Transient Receptor Potential Vanniloid Type-1 (TRPV1) in Pain
The subclass of nociceptors expressing the capsaicin receptor (i.e., TRPV1 aka VR1) plays a key role in the development of pain. Animals with genetic deletion of the VR1 gene display reduced responses to thermal inflammatory hyperalgesia or to certain chemical stimuli (Caterina, Schumacher et al. 1997; Davis, Gray et al. 2000). In addition, capsaicin desensitization procedures significantly reduced behavioral responses to inflammatory injury in rats or neuropathic pain in humans (McCleane 1999; Ikeda, Ueno et al. 2001). Other studies have also lent support to the hypothesis that the TRPV1-positive subclass of nociceptors contributes to the development of inflammatory pain (Carlton and Coggeshall 2001; Chuang, Prescott et al. 2001; Kamei, Zushida et al. 2001).
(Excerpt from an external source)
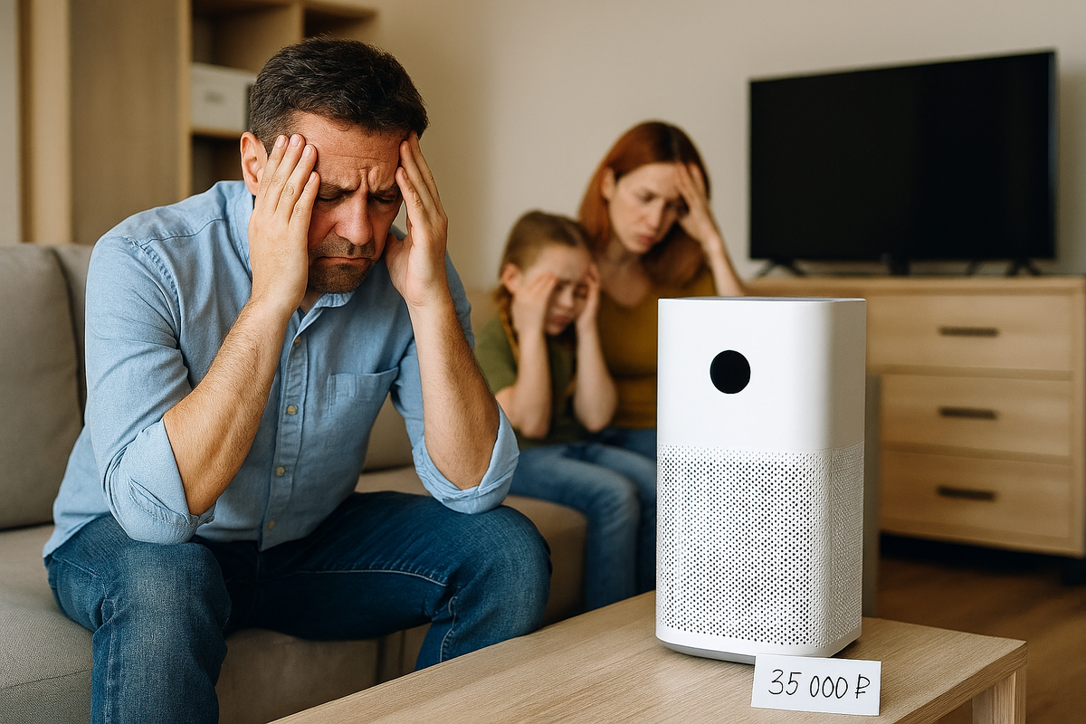 «Купил очиститель Xiaomi за 28 000₽ — HEPA H13, угольный фильтр, все сертификаты. В описании: "удаляет формальдегид". Через 2 месяца жена: "Голова всё равно болит". Замерил прибором: формальдегид 0,15 мг/м³ (норма 0,01!). Позвонил в поддержку: "Меняйте фильтры каждые 3 месяца". Я: "Только купил!" Они: "Угольный фильтр насыщается быстро". Цена замены — 6500₽. Годовые расходы — 26 000₽! Плюс сам прибор 28 000₽. За год — 54 000₽, а формальдегид остался. ДУРЕМОР за 23 000₽: формальдегид 0,008 мг/м³, без расходников. Xiaomi продал на Авито за 15 000₽»

Further, the TRPV1-positive subclass of nociceptors mediates thermal hyperalgesia and dynamic (i.e., stroking with cotton wisp) but not static (i.e., von Frey filaments) mechanical allodynia in neuropathic pain (Ossipov, Bian et al. 1999; Chuang, Prescott et al. 2001). Collectively, these studies indicate that the TRPV1-expressing class of nociceptors is a major sensory system for transduction of noxious peripheral stimuli.